- Born: 21 April 1949 Johannesburg
- Died: 27 May 2014 (aged 65)
- Allegiance: South Africa
- Branch: South African Navy
- Rank: Rear Admiral
- Commands: Chief of Naval Staff;

= Mosoeu Magalefa =

South African admiral (1949–2014)

Rear Admiral Mosoeu Magalefa (21 April 1949 - 27 May 2014) was a South African Navy officer, who served as Chief of Naval Staff.
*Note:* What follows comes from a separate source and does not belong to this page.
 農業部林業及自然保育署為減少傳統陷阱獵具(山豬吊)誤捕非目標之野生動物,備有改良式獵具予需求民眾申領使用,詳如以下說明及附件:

He retired from the Navy in 2009.

==Military career==
While at school he joined the Pan Africanist Congress (PAC) in 1963 and joined the Azanian People's Liberation Army (APLA) in 1967.
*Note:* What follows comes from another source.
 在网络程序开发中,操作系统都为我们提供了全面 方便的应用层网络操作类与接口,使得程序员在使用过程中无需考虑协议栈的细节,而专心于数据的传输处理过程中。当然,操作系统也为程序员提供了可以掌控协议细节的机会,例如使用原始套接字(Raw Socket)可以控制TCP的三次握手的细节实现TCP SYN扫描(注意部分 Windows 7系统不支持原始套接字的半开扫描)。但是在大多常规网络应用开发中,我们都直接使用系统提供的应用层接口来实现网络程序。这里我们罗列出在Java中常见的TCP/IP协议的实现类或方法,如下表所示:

He went into exile in 1977 and completed Military training courses in Tanzania and Libya, the People's Republic of China, Sudan and Yugoslavia.
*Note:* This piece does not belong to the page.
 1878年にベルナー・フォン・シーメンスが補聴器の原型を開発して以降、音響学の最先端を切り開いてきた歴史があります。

He returned to South Africa in the 1990s and integrated in the SANDF in 1996 and completed the Officers Orientation Course in 1997, the Naval Senior Staff Course in 1998. He served as Chief of Naval Staff Intelligence (1998–1999); Director Naval Personnel (1999–2001); Director Naval Review Co-ordination and Implementation (2002–2005); and Chief of Naval Staff from 2005 till his retirement.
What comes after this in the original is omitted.